__YOUR GOAL__: From the entries below, reproduce exactly the line containing "Dit hoesje toont", the line containing "Glasdekor skříňka na", and every line in between, with nothing added.

__DATASET EXCERPTS__:
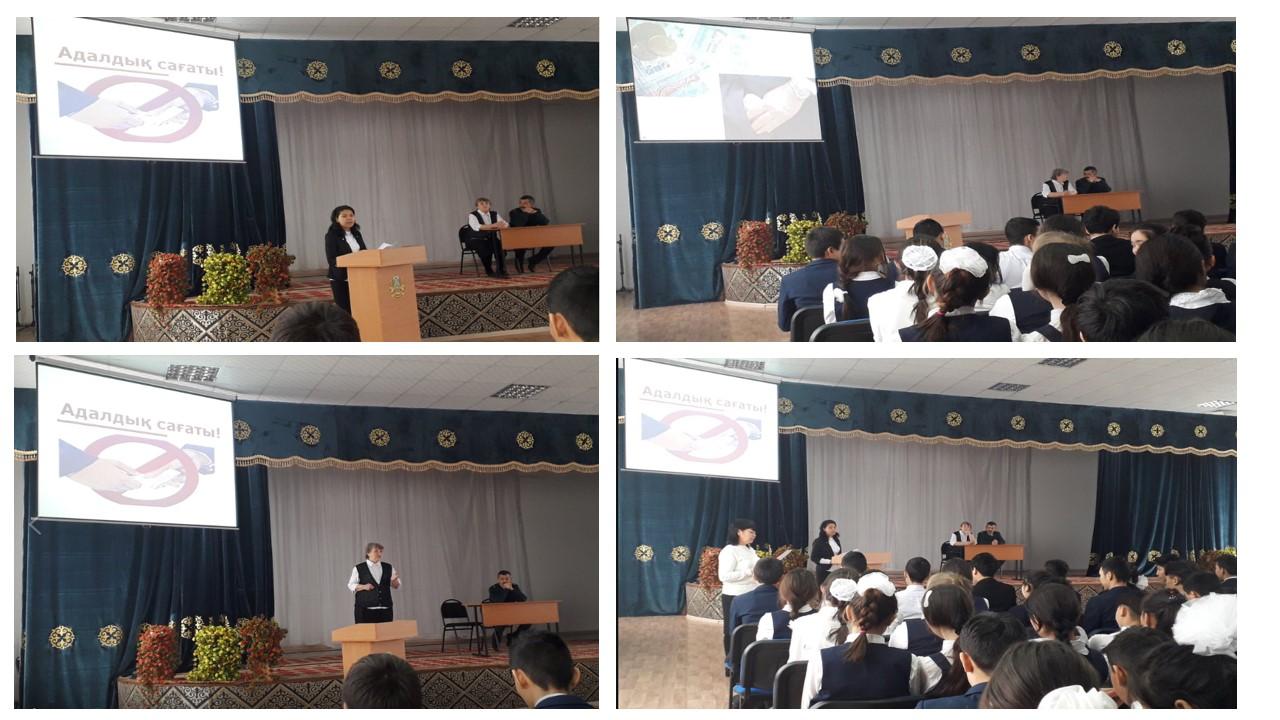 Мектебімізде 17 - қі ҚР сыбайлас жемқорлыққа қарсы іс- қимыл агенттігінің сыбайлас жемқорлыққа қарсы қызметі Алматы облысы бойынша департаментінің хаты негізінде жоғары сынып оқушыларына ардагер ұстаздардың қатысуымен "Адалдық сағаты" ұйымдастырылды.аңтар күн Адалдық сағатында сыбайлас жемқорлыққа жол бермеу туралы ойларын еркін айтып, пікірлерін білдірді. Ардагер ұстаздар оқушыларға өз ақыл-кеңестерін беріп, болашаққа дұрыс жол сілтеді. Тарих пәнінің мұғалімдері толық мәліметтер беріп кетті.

...

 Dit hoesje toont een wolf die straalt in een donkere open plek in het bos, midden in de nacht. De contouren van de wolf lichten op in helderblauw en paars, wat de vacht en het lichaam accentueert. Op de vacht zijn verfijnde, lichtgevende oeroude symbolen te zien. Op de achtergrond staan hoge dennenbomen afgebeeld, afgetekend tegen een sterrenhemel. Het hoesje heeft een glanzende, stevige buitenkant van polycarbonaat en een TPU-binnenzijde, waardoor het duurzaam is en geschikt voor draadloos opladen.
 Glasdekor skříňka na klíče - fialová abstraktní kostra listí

---

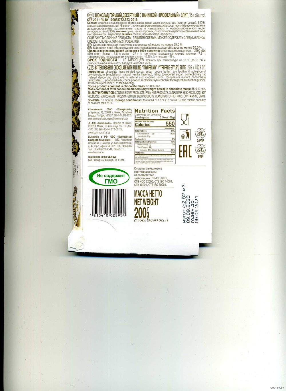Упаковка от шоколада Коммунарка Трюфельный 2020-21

__EXERCISE ANSWER__:
 Dit hoesje toont een wolf die straalt in een donkere open plek in het bos, midden in de nacht. De contouren van de wolf lichten op in helderblauw en paars, wat de vacht en het lichaam accentueert. Op de vacht zijn verfijnde, lichtgevende oeroude symbolen te zien. Op de achtergrond staan hoge dennenbomen afgebeeld, afgetekend tegen een sterrenhemel. Het hoesje heeft een glanzende, stevige buitenkant van polycarbonaat en een TPU-binnenzijde, waardoor het duurzaam is en geschikt voor draadloos opladen.
 Glasdekor skříňka na klíče - fialová abstraktní kostra listí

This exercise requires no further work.